• [Instructions for the task]:
A verbatim copy of all the data is required, minus any images.

• [Input data]:
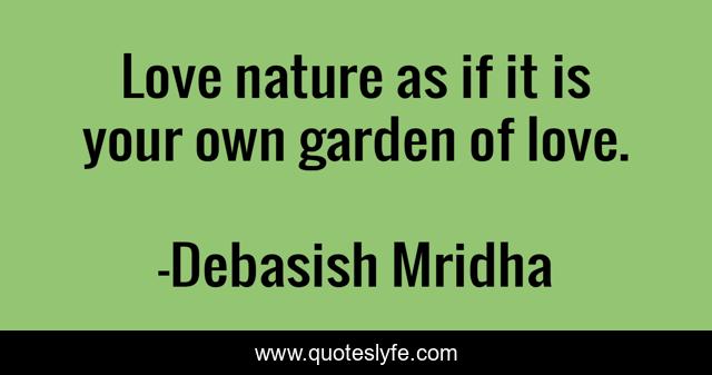 This page presents the quote "Love nature as if it is your own garden of love.". Author of this quote is Debasish Mridha. This quote is about love, nature, philosophy, debasish-mridha, garden-of-love, quotes, inspirational, enthusiasm, love-nature,.
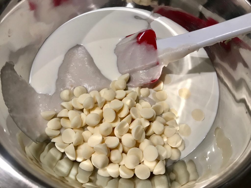 • Step 3: Add 60g light whipping cream, 90g white chocolate chips, 3 drops red color, 2 drops blue colors and taro-coconut cream mixture into a large bowl.
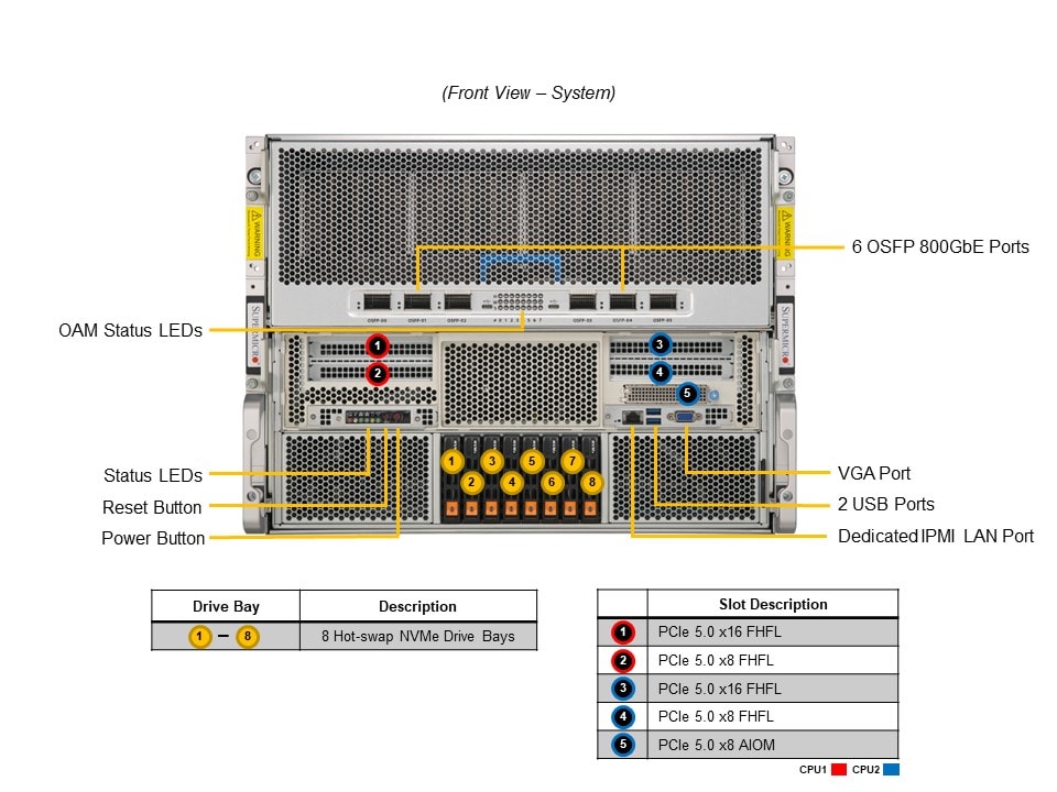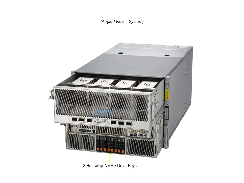 - 8 front hot-swap 2.5″ PCIe 5.0 NVMe drive bays

• [Answer box]:
 This page presents the quote "Love nature as if it is your own garden of love.". Author of this quote is Debasish Mridha. This quote is about love, nature, philosophy, debasish-mridha, garden-of-love, quotes, inspirational, enthusiasm, love-nature,.
 • Step 3: Add 60g light whipping cream, 90g white chocolate chips, 3 drops red color, 2 drops blue colors and taro-coconut cream mixture into a large bowl.
 - 8 front hot-swap 2.5″ PCIe 5.0 NVMe drive bays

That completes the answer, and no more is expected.